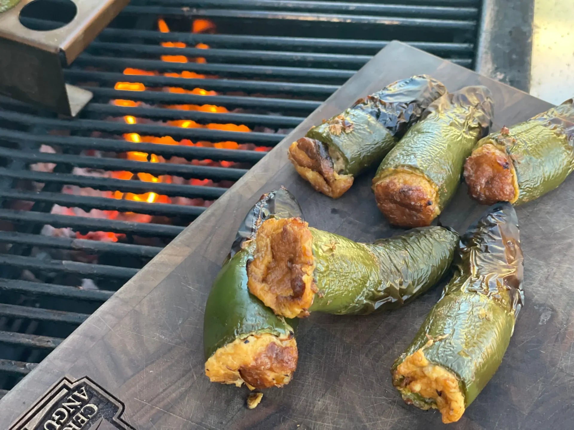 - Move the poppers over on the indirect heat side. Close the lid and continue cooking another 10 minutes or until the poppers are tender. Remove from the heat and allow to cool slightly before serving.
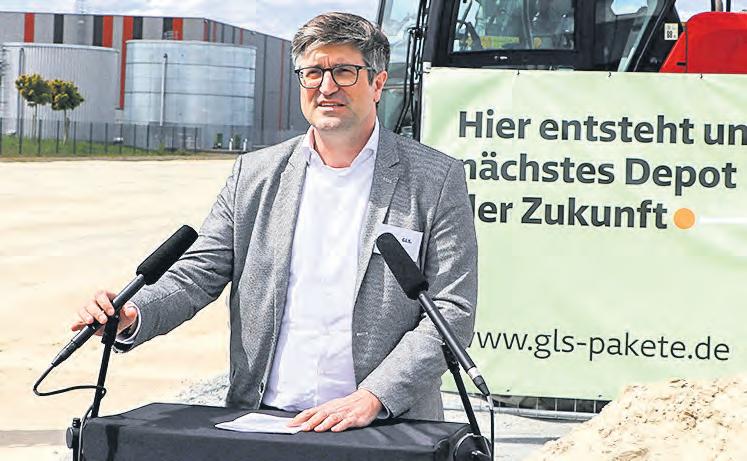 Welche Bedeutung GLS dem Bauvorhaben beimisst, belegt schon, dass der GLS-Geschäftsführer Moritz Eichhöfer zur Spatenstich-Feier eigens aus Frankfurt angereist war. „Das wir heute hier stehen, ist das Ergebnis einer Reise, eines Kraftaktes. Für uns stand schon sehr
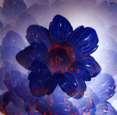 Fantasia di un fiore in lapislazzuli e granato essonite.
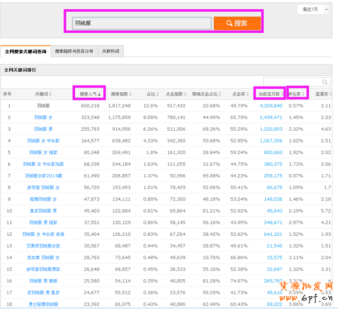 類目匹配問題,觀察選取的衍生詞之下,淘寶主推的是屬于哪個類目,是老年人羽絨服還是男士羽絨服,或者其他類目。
^^^^^^^^
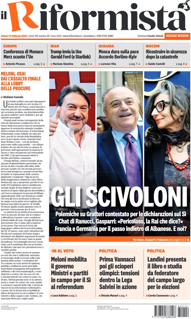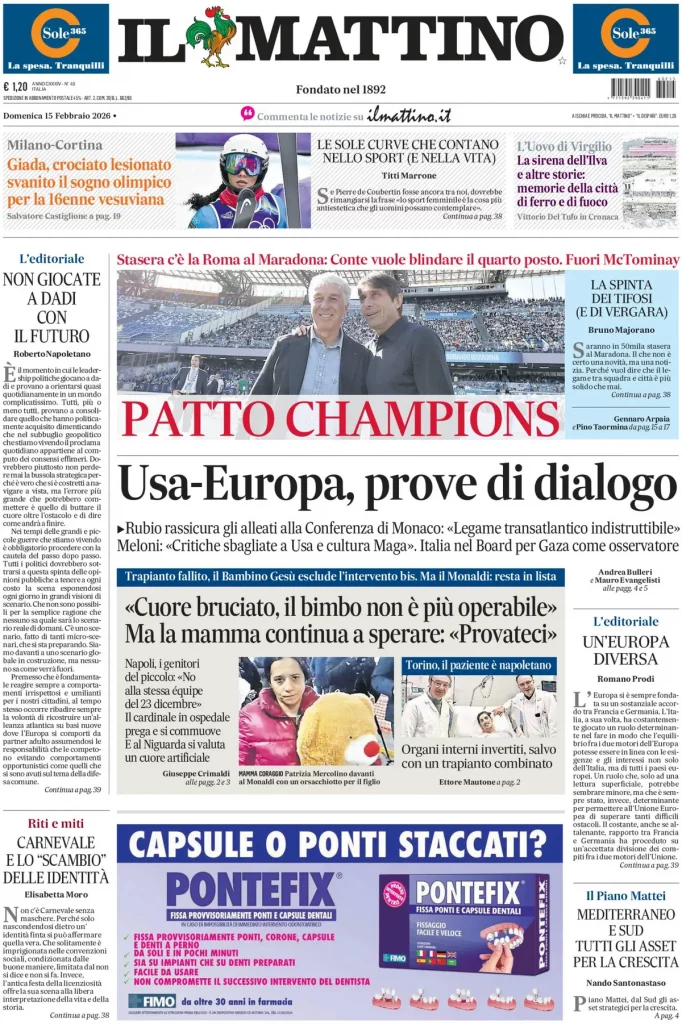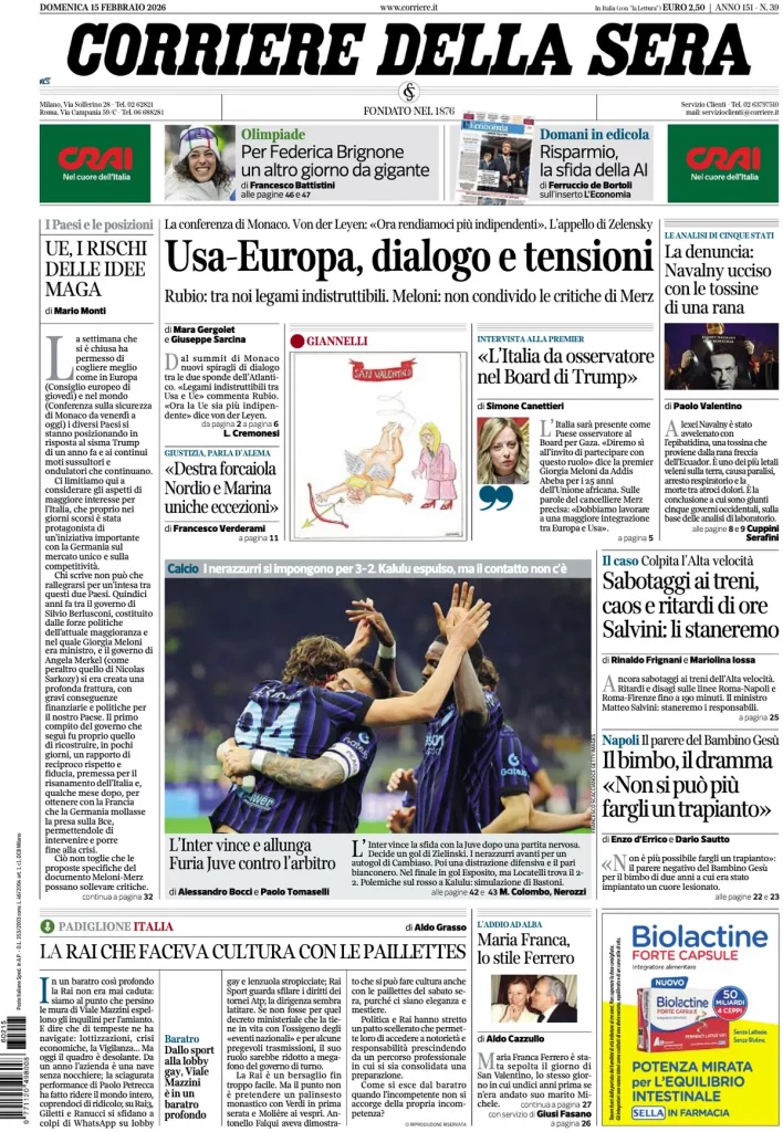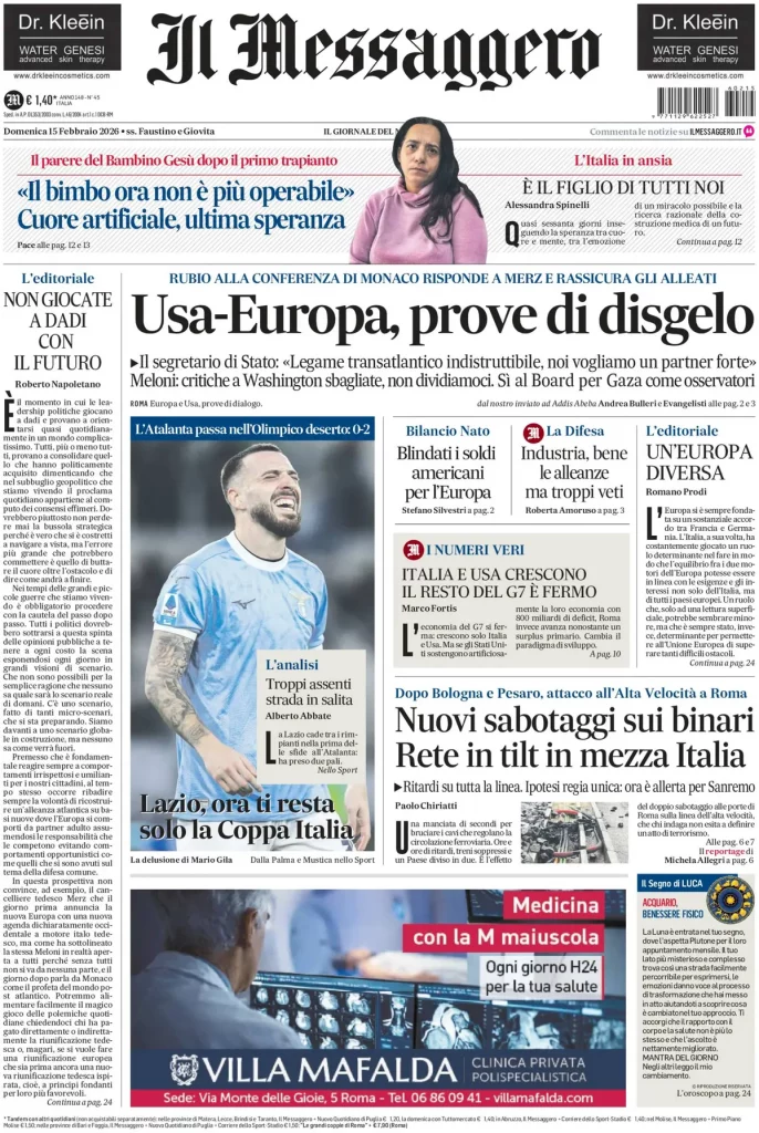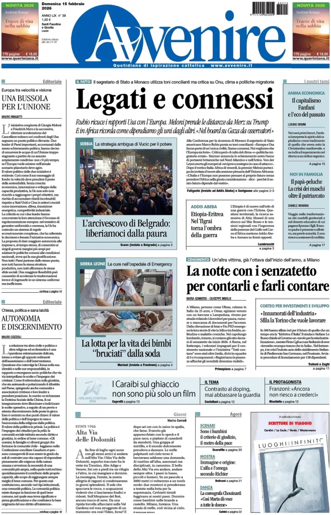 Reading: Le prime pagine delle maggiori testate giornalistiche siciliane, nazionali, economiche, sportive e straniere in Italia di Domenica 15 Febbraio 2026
^^^^^^^^
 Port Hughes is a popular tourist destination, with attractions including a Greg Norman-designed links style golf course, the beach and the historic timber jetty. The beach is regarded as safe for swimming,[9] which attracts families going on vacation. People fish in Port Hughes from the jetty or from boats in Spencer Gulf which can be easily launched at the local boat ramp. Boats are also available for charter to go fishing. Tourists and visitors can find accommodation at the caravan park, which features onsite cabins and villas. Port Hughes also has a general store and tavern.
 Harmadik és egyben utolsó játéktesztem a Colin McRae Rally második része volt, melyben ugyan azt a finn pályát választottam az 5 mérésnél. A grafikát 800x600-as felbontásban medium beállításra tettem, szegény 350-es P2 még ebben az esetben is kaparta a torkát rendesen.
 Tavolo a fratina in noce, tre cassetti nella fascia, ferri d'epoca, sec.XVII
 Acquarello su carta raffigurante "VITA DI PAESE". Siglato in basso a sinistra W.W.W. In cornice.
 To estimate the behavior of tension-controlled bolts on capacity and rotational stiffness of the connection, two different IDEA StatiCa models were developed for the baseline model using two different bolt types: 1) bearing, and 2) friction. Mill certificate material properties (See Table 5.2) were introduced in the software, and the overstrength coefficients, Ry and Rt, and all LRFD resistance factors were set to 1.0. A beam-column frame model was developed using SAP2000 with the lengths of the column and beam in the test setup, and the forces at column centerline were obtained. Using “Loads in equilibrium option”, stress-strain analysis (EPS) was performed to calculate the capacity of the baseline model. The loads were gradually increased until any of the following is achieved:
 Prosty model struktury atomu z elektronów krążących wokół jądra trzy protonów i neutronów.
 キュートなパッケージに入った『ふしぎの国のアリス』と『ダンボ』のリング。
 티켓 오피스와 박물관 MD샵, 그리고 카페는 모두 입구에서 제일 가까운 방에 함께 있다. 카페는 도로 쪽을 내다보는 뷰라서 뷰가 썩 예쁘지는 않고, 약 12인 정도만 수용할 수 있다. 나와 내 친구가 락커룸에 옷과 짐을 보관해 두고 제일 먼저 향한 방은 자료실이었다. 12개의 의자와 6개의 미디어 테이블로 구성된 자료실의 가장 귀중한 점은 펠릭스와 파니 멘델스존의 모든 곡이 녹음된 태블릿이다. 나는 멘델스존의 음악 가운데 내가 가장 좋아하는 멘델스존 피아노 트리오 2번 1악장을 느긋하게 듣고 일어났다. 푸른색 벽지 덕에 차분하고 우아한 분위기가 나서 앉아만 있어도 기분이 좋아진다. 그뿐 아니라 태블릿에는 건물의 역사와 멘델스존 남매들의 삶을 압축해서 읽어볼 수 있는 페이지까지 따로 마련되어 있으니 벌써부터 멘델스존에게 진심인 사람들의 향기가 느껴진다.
^^^^^^^^
● Exercise details: Above are the records; print exactly the lines from the line with "Prosty model struktury" to the line with "キュートなパッケージに入った『ふしぎの国のアリス』と『ダンボ』のリング。", including both, and nothing else.

● Worked solution:
 Prosty model struktury atomu z elektronów krążących wokół jądra trzy protonów i neutronów.
 キュートなパッケージに入った『ふしぎの国のアリス』と『ダンボ』のリング。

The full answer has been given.